Conclusions et perspectives thérapeutiques

Ce travail a permis de montrer que la protéine ISG20 reconnaît spécifiquement l’ARNpg d’HBV et induit sa dégradation. Faut-il pour autant considérer l’ISG20 comme un facteur de restriction du HBV comme le proposent Liu et al. ? Bien qu’aucune définition ne fasse consensus, les facteurs de restriction virale présentent certaines caractéristiques communes, telles qu’une expression basale dans quasiment tous les tissus et une modulation possible par l’IFN-α. Plus spécifiquement, Harris et al. ont défini un facteur de restriction viral selon quatre points : (1) une diminution forte et directe de l’infectivité du virus ; (2) l’existence d’un mécanisme d’échappement viral ; (3) l’implication de la réponse immunitaire dans le fonctionnement du facteur de restriction, notamment par la réponse IFN-α ; (4) une compétition entre le facteur de restriction et le mécanisme d’échappement viral se traduisant par une signature d’évolution rapide dans la séquence du gène cellulaire [6, 7] ().

(→) Voir la Synthèse de L. Gerossier et al., m/s n° 10, octobre 2016, page 808

Dans le cas d’ISG20, le mécanisme d’échappement viral ainsi que la signature d’évolution rapide dans la séquence du gène restent à prouver. D’autres questions sont également en suspens dont, en particulier, le mode d’action d’ISG20 contre d’autres virus à ARN et son effet potentiel sur des ARN messagers cellulaires. Enfin, il faut remarquer que ces expériences ont été, pour la plupart, réalisées dans des modèles de cellules tumorales transfectées avec des plasmides codant le génome d’HBV. Il semble donc important de vérifier si l’ISG20 se comporte de façon similaire dans des modèles d’hépatocytes primaires infectés par l’HBV.

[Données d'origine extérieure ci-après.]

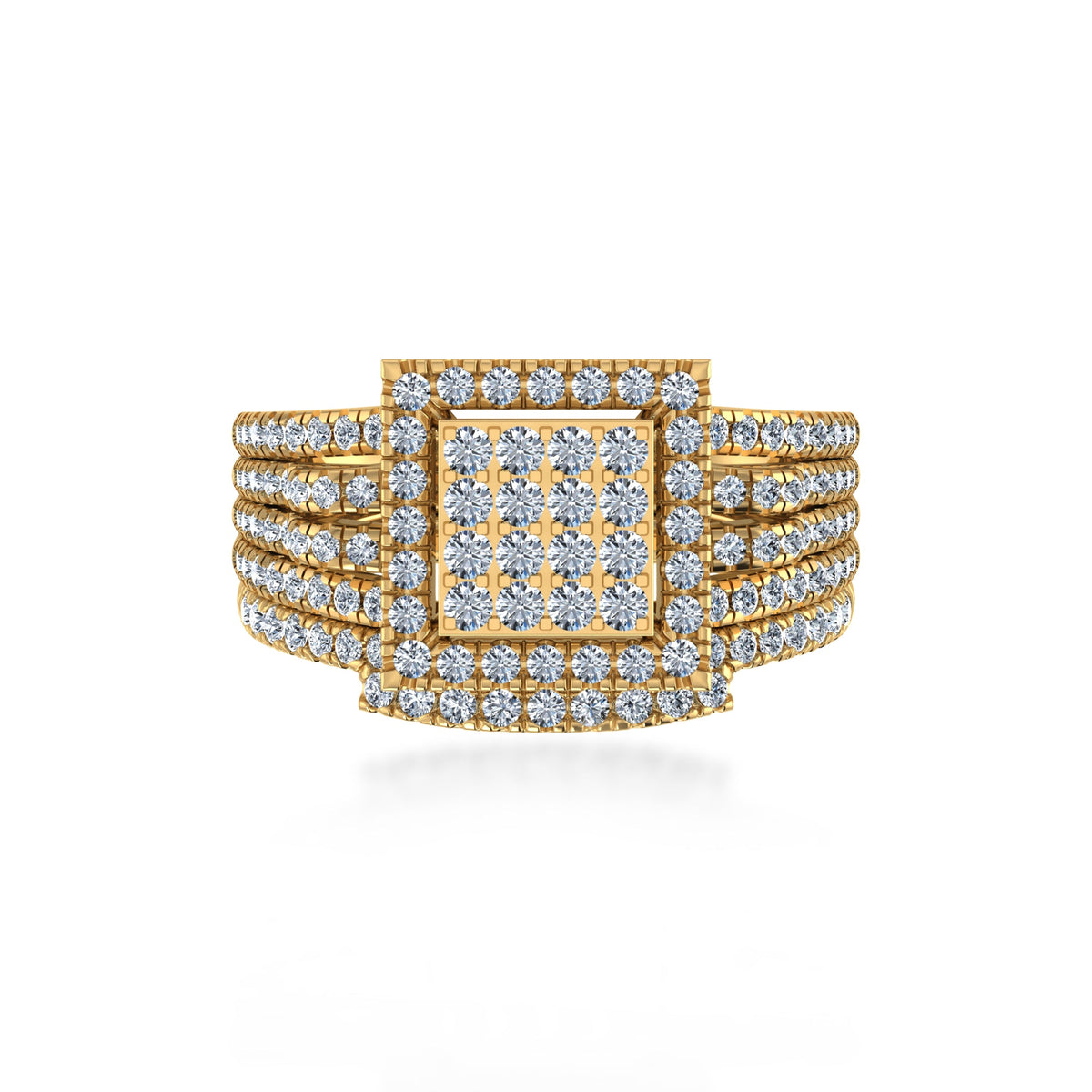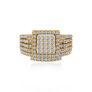 Multi-Row Square Lab Diamond Cocktail Ring - 14kt / Yellow gold / 7.0

Cette approche anti-HBV de type ISG20-like, par déstabilisation des ARN de manière directe ou indirecte, constitue une piste thérapeutique, qui commence à être de plus en plus explorée dans l’optique de développer de nouvelles classes d’agents antiviraux. Des travaux récents se sont focalisés sur le développement de molécules pouvant affecter la stabilité des ARN viraux. Il s’agit, en particulier, des molécules RG7834 (Roche) et DHQ-1 (Arbutus Bio Pharma), qui permettent de diminuer les taux d’ARNm viraux en les déstabilisant [8,9]. Bien que plusieurs mécanismes puissent conduire à la dégradation des ARN viraux, une perspective ouverte par l’étude de Liu et al. consisterait à sélectionner des molécules ayant la capacité de se fixer sur la boucle ε de l’ARNpg. De façon intéressante, l’utilisation d’aptamères mimant la structure de la boucle ε supprime la réplication d’HBV en empêchant son interaction avec la polymérase virale [10]. Les résultats de Liu et al. confirment ainsi le potentiel thérapeutique de stratégies visant à cibler et dégrader spécifiquement les ARN viraux, et fournissent de nouvelles données mécanistiques importantes pour la sélection de molécules à activité antivirale.

Liens d’intérêt

Les auteurs déclarent n’avoir aucun lien d’intérêt concernant les données publiées dans cet article.

 
Footnotes
1 Famille de protéines présentant un enchaînement d’acides aminés DED en N-terminal et deux séquences de localisation nucléaire (NLS).